**Information provided**
______

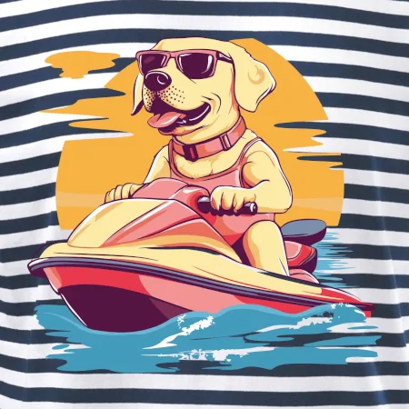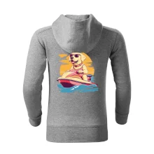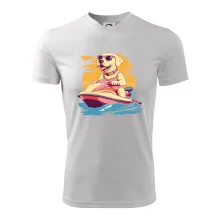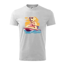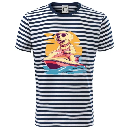 Zlatý retrívr na vodním skútru
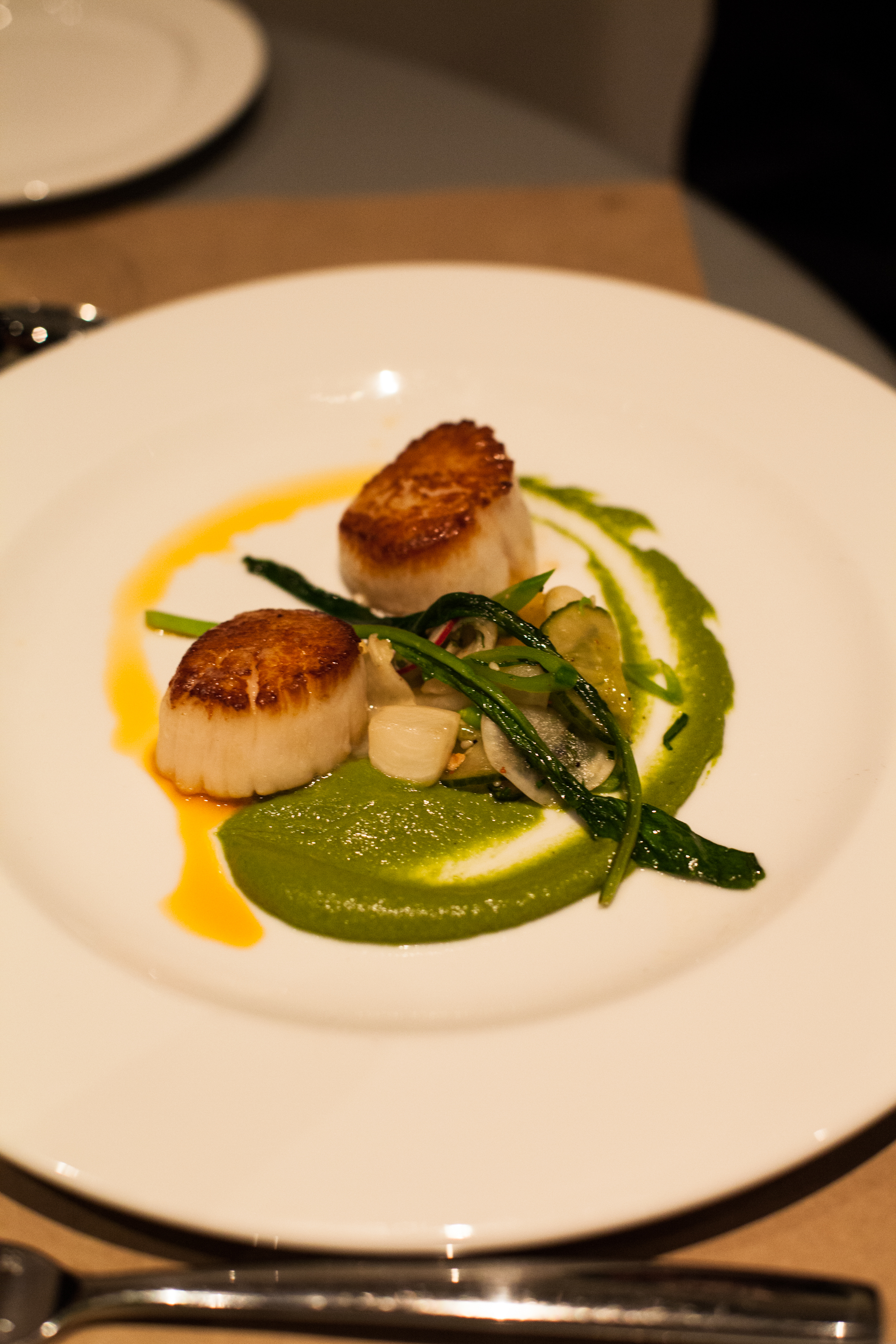 Still, this is the plate that George was able to assemble: Seared scallops with chili oil over a salad of fast-pickled radishes.
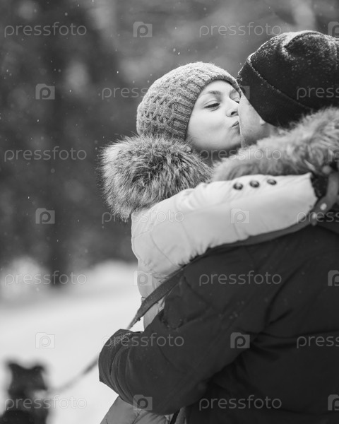Портрет молодой пары в зимнем лесу. Черное и белое

______

**Exercise brief**
A verbatim transcription of the listing is expected, with no pictures included.

**Output for this task**
 Zlatý retrívr na vodním skútru
 Still, this is the plate that George was able to assemble: Seared scallops with chili oil over a salad of fast-pickled radishes.
Портрет молодой пары в зимнем лесу. Черное и белое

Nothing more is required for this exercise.